Figura 3. (a) Quantidade de tipos de participação em relação à autoria, nos blogs da Turma 1. (b) Quantidade de tipos de participação em relação à autoria, nos blogs da Turma 2
Observamos que os alunos, em geral, se utilizaram de sentenças de comentários classificadas como participações administrativas para avisar sobre a publicação de trabalhos fora do prazo, para tirar dúvidas sobre o cronograma da disciplina e eventualmente justificar a não publicação de algum trabalho. A professora, em geral, utilizou-se dessas sentenças para avisar sobre os artigos já escolhidos por outros grupos e também para avisar aos alunos das ações que deveriam tomar para dar sequência aos trabalhos da disciplina. O estagiário o fez para avisar aos alunos os prazos de publicações dos trabalhos e das reflexões nos blogs e o recebimento dos mesmos, assim como para esclarecer dúvidas sobre o cronograma da disciplina. Observamos que os alunos, em geral, se utilizaram de sentenças de comentários caracterizados por participação técnica para reportar problemas de acesso ao blog, problemas na publicação, problemas na inserção de tabelas e imagens nas publicações e problemas de visualização de textos e/ou vídeos inseridos como links externos. A professora, em geral, utilizou-se dessas sentenças para reportar problemas na visualização de textos e/ou vídeos inseridos como links externos e o estagiário para solucionar os problemas reportados em outras mensagens. A professora foi quem mais utilizou sentenças caracterizadas como participação do tipo de conteúdo que, em geral, foram utilizadas para dar o feedback aos alunos sobre as atividades publicadas anteriormente. Os alunos pouco utilizaram dessas sentenças e, quando o fizeram, reportaram suas dúvidas e responderam ao feedback da professora. O estagiário utilizou esse tipo de sentença apenas para responder a algumas dúvidas dos alunos. O fato dos alunos quase não terem publicado mensagens com participações de conteúdo sugere que, conforme constatou Wopereis,16 isso se deve ao fato de os alunos se encontrarem e preferirem esclarecer suas dúvidas de modo presencial. Logo, os alunos somente procuram esclarecimento por meio das tecnologias de comunicação utilizadas nos cursos quando não dispõe de outros meios. Ainda assim constatamos ser o blog uma ferramenta complementar à reflexão sobre o conteúdo ministrado em sala de aula, e de comunicação direta com a professora.

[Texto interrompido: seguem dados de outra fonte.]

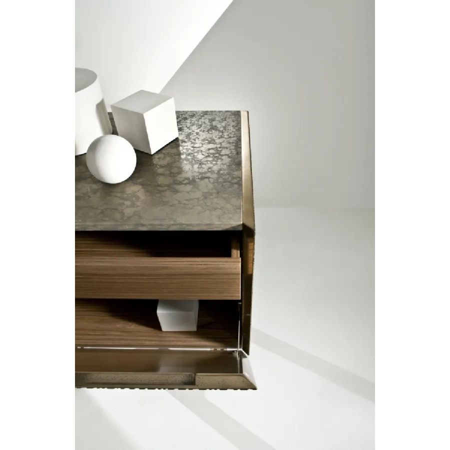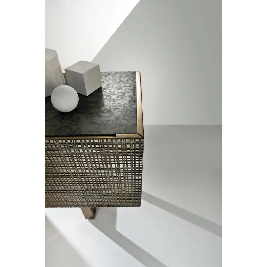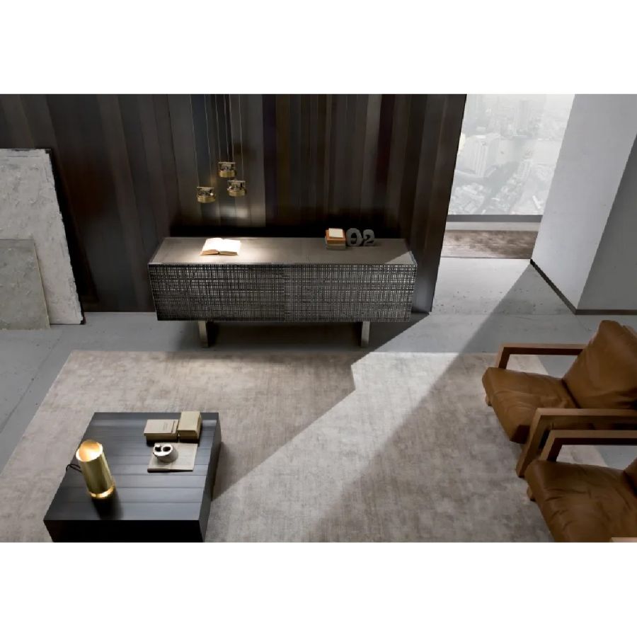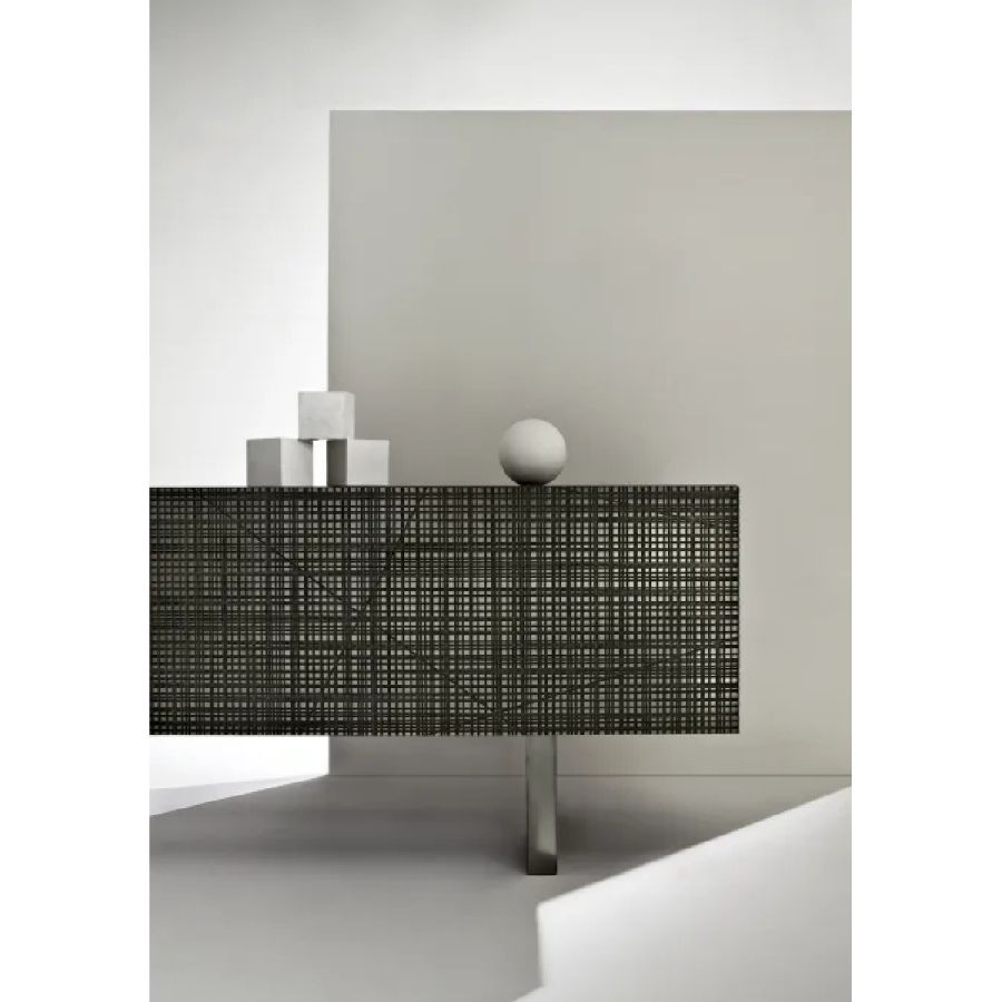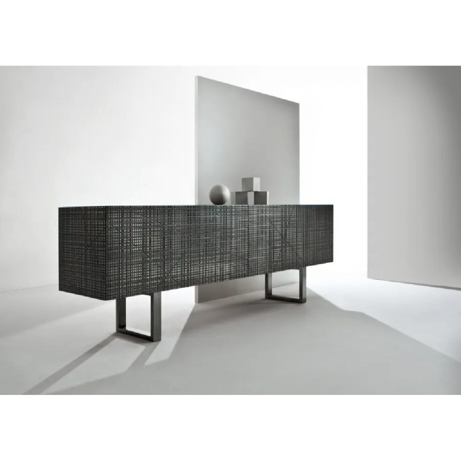 Wooden sideboard with Maxima carved hinged or flap doors and structure covered in liquid metal. Top in liquid metal or marble. Insides in canaletto Walnut.

CONSIDERAÇÕES FINAIS Neste trabalho analisamos comentários em blogs no ensino superior de química. Como o blog foi uma ferramenta complementar às atividades em sala de aula, os alunos usaram a seção de comentários para realizar principalmente perguntas administrativas como datas de entrega de trabalhos e para comunicar possíveis dúvidas relativas ao seu funcionamento, cabendo à professora a tarefa de guiar e realizar as postagens vinculadas ao conteúdo da disciplina. Como já também destacado por Wopereis,16 isso nos mostra que na relação professor-aluno, o educador se mantém na função de gestora e motivadora da aprendizagem e de questionamentos inerentes ao conteúdo em foco. Foi possível observar diversos usos importantes da ferramenta no auxílio à discussão de informações referentes aos conteúdos ministrados em sala de aula. Além disso, o uso do blog proporcionou um aumento da interação dos alunos em um ambiente que os favoreceu a levantar questões de seus interesses, sem medo de serem reprimidos. Esse fato foi indicado pelo uso de linguagem coloquial no ambiente virtual, em especial entre alunos. O blog também propiciou um meio de fazer com que os alunos refletissem mais e com maior frequência sobre o conteúdo da disciplina, levando a um aprendizado contínuo ao longo da sua aplicação. A ferramenta permitiu ainda que a educadora avaliasse o progresso feito pelos estudantes durante o semestre, antes mesmo da realização de provas formais. Portanto, o blog forneceu à professora mais elementos para avaliar deficiências que precisassem ser corrigidas no aprendizado do conteúdo de modo a permitir que esta fizesse as intervenções que julgava necessárias. Em virtude do que foi mencionado, concluímos que o ambiente virtual do blog é uma ferramenta social de ensino e aprendizagem que possibilita espaço para partilha de conhecimentos e experiências, ler e escrever, troca de ideias, informações e opiniões. Ainda que tenhamos explorado o blog no contexto do ensino de química, essa ferramenta pode ser utilizada para potencializar o ensino das mais diversas disciplinas.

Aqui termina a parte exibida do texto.